Even if doing loads and loads of STEP papers will eventually lead you to rediscover/reinvent algebraic topology, which I doubt, you would still be reinventing the wheel. This kind of learning is (one of the purposes) the purpose of higher education in mathematics.
(edited 13 years ago)
Reply 85
One thing that I find interesting is that according to unistats, average UCAS points entry for Cambridge mathematics was 570 ( + 1,1 in STEP II, III), and the degree results were 29% Firsts, 41% 2.1, 20% 2.2 and 10% 3rd/fail.

Yet, University of Greenwich (some derided as an ex-poly) the average entry points is 240, yet the degree results are 55%Firsts, 30% 2.1, 10% 2.2 and 5%3rd/fail.
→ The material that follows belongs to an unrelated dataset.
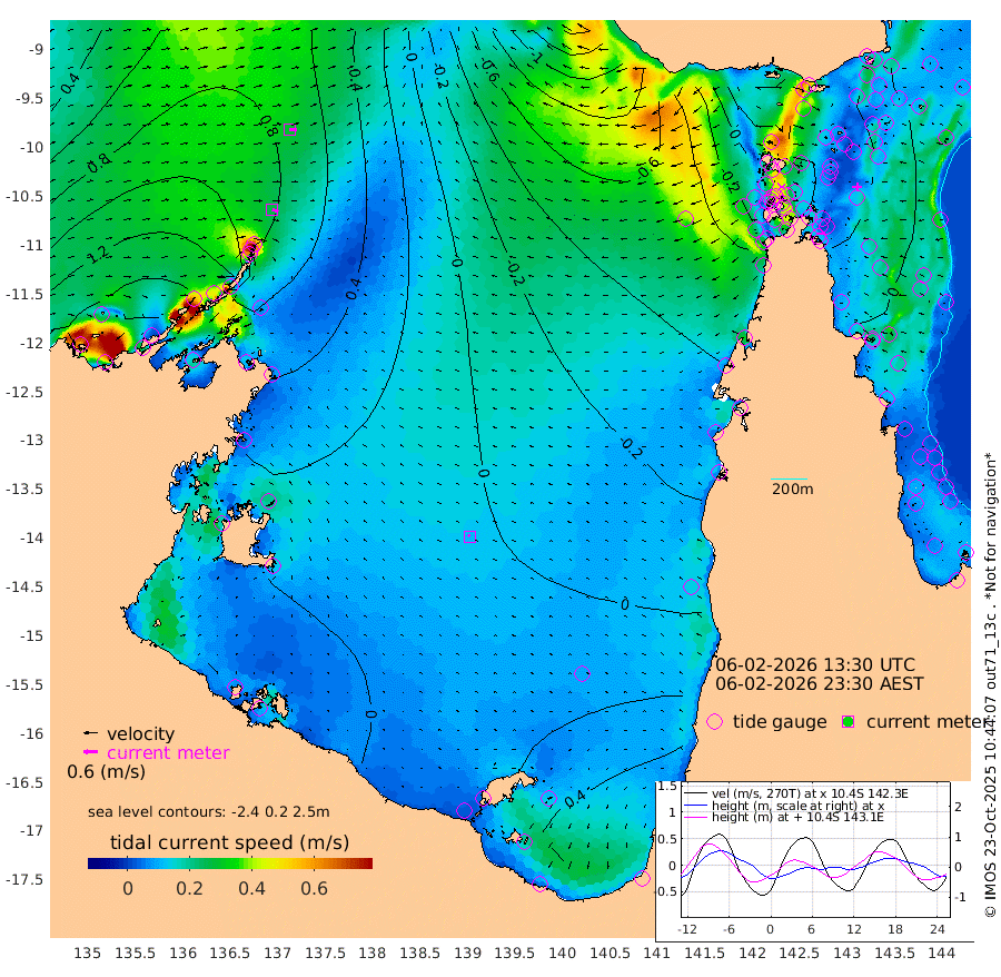26cm/s 109T +3cm/s rms + 7cm/s -42T. ARA-GOC87 57m 11cm/s -46T +3cm/s rms + 2cm/s -2T. ARA-GOC87 60m 29cm/s 95T +2cm/s rms + 3cm/s 61T. ARA-GOC87 47m 4cm Daru 8cm Bobo Island 5cm Meer Island Barge 15cm Bramble Cay 5cm Unnamed Cay 17cm Pearce Cay 5cm Stephens Island 11cm Merrie England Shoals 4cm Mutacomal Reef 0cm Darnley Island Barge 10cm East Cay -3cm Yorke Island Barge 2cm Rennel Island 0cm Aureed Island -1cm Dungeness Reef -13cm Zagai Island -20cm Yam Island -10cm Dauan Island -21cm Saibai Island 11cm Phipi Reef -9cm Warrior Reef - West -18cm Mabuiag Island Barge -3cm Half Way Island 1cm Coconut Island -12cm Dugong Islet -9cm Poll Island -13cm Kirkcaldie Reef -19cm Suarji Island -18cm Sue Islet -13cm Hawkesbury Island -16cm Alert Patches -18cm Twin Island 4cm Badu Island -22cm St Pauls (Moa Island) -18cm Kubin (Moa Island) -21cm Ince Point -22cm Thursday Island -22cm Nardana Patches -14cm Turtle Head -20cm Round Island -12cm Goods Island -27cm Booby Island -18cm White Rocks Area -74cm Carpentaria -20cm Papou Point -43cm Bampfield Head -16cm Crab Island -27cm Red Wallis Island -18cm Packe Island -8cm Harrington Reef -43cm Herald Camp -12cm Sharp Point -6cm Red Island Point -20cm Possession Island -24cm Alpha Rock -12cm Frederick Point 2cm Wyborn Reef Light -1cm Tetley Island 4cm Triangle Reef 4cm Turtle Head Island -2cm Maclennan Cay 11cm Raine Island 4cm Mcsweeny Reef 7cm Collette Reef 7cm Shadwell Reef 10cm Hannibal Island 20cm Round Point -28cm Vrilya Point 4cm Cape Grenville 8cm Hicks Island -6cm Sir Charles Hardy Island 0cm Harvey Island 7cm Kay Reef 8cm Rocky Island 15cm Chapman Island 4cm Ham Reef 6cm Jubilee Reef 5cm Night Island 7cm Unnamed Reef No. 3 9cm Morris Island 4cm 1st 3 Mile Opening 4cm Creech Reef 14cm Fife Island 13cm Eden Reef 5cm Stanley Island 11cm Normanby River 156cm Yabooma Island 180cm Hutchison River 155cm Elcho Island 151cm North West Crocodile Island 81cm Cape Wessel 148cm Stevens Island 72cm Guluwuru Island 133cm Hopeful Bay 105cm Auster Point 97cm Two Island Bay 160cm Cadell Strait 62cm Mallison Island 80cm Melville Bay (Gove Harbour) 78cm Truant Island 48cm Cape Arnhem 37cm Cape Grey 35cm Hawk Island 18cm Milner Bay (Groote Eylandt) 12cm Cape Beatrice -20cm West Island -20cm Centre Island 23cm Mornington Island 16cm West Wellesley Islands 46cm Bountiful Island 81cm Albert River Mouth 93cm Sweers Island 80cm Karumba 28cm Nassau River Offshore 9cm Christmas Creek 5cm Archer River -21cm Boyd Point -8cm Weipa (Humbug Point) -7cm Pennefather River -35cm Cullen Point

From this, we can see that Greenwich maths department is taking lower quality entrants and turning them into better quality grads with better results, obviously showing reputation means nothing, and that people should be looking elsewhere for top quality degrees.
Reply 86
Original post by Nichrome
One thing that I find interesting is that according to unistats, average UCAS points entry for Cambridge mathematics was 570 ( + 1,1 in STEP II, III), and the degree results were 29% Firsts, 41% 2.1, 20% 2.2 and 10% 3rd/fail.

Yet, University of Greenwich (some derided as an ex-poly) the average entry points is 240, yet the degree results are 55%Firsts, 30% 2.1, 10% 2.2 and 5%3rd/fail. From this, we can see that Greenwich maths department is taking lower quality entrants and turning them into better quality grads with better results, obviously showing reputation means nothing, and that people should be looking elsewhere for top quality degrees.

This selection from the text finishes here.